Point Cloud Issue to Cause Incorrect Pose

I found out that the point cloud information is different when the bearing is not stacked up and when the bearing is stacked up. Currently, I use the Instance Segmentation DL model for the bearing.

Colour Image Result:
image

Point Cloud Result with Pose:
image

From the point cloud result, without stacking one shows the correct point cloud but with stacking one shows the incorrect point cloud which makes the Z pick pose is slanted towards another direction. Is there any way that can resolve this issue? Should I create a model for this bearing in Mech Vision for 3D matching as well instead of only using DL model?
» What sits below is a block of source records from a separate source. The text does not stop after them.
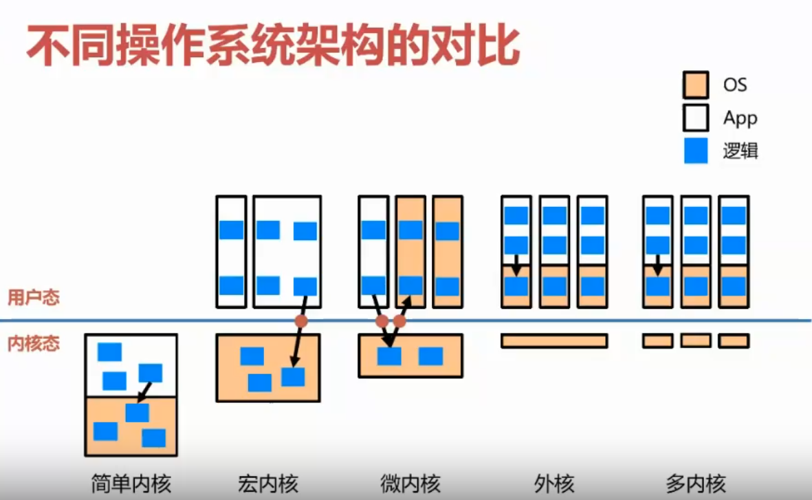 - 更好地应对复杂性:宏内核架构、微内核架构、外核架构、多内核架构等
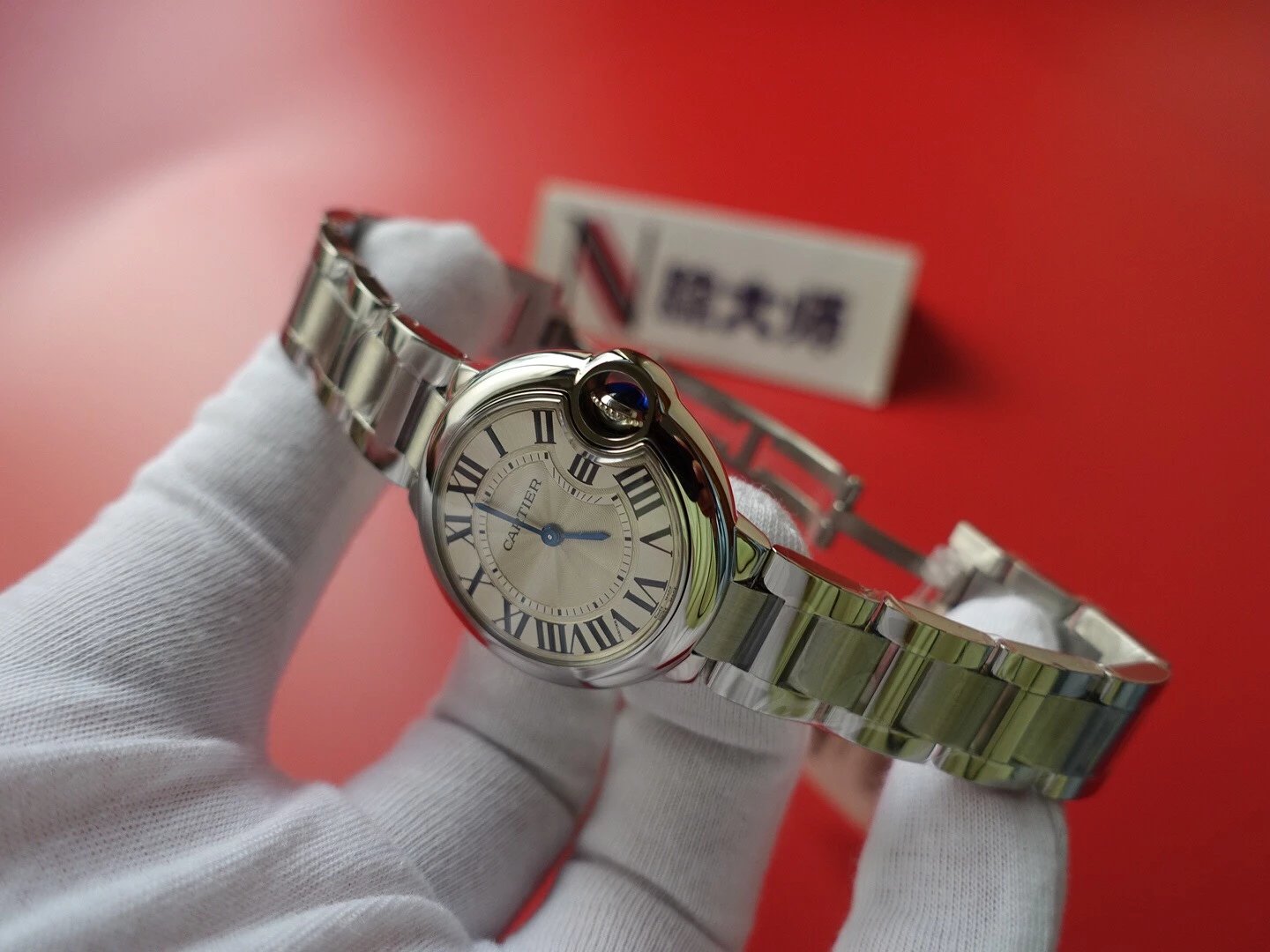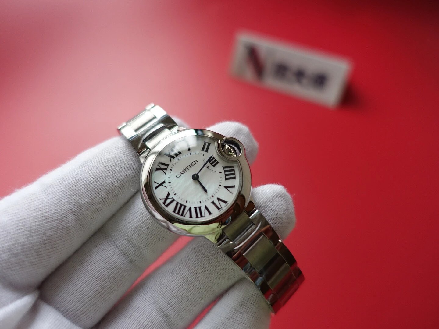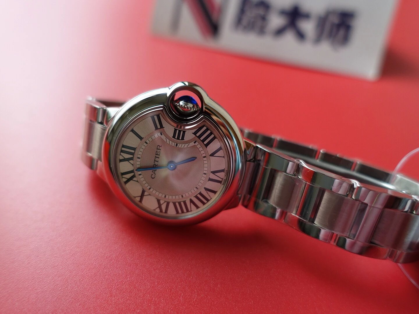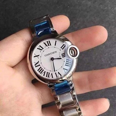 出品卡地亞藍氣球中號,直徑33mm,正品開模,從內而外達到亂真效果,通透藍寶石鏡面,與正品一致的魚眼效果,表面經典羅馬刻度顯示,純白表面十分精緻,燒鋼藍針,十分精緻,材料與正品完全一致,把頭鑲嵌藍色尖晶石,色澤到位質感飽滿,整表採用316L精鋼,材質與正品完全一致,最新升級版瑞士057機芯,拆機亦難辨真偽,這是一款百搭時尚精緻無比的腕表這是一款可以當正品戴的女表精品!
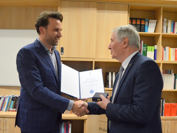 K poděkování se připojil i rektor Michael Kohajda, který Jiřímu Jiráskovi předal bronzovou medaili Za zásluhy o rozvoj Univerzity Palackého a dlouholetý přínos právnické fakultě.
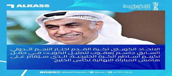 اعلن الاتحاد الكويتي لكرة القدم، اختياره نجم الخليج والعرب ” جاسم يعقوب ” لتمثيل الكويت في حفل تكريم اساطير الخليج ، في نهائي بطولة كأس الخليج العربي لكرة القدم ” خليجي 26 “.

Yes, I recommend you use 3D matching after using deep learning. Instance segmentation can be used to segment each individual object. However, the mask generated is based on 2D information and not segment point clouds with overlapping situations. Hence, performing 3D matching on the point cloud results is necessary.

For these bearings, you can try using edge matching methods.

Thanks for the information. If I don’t want to use 3D matching, is there any other method to overcome, for example, using the bounding box value from the Deep Learning output of Mech Vision?

If you can attempt to preprocess the point cloud of the bearing’s side to make it relatively clean and have clear boundaries between each others, then using deep learning followed by the “Calc Poses and Dimensions from Planar Point Clouds” step might work. However, this approach demands stringent requirements for point cloud preprocessing.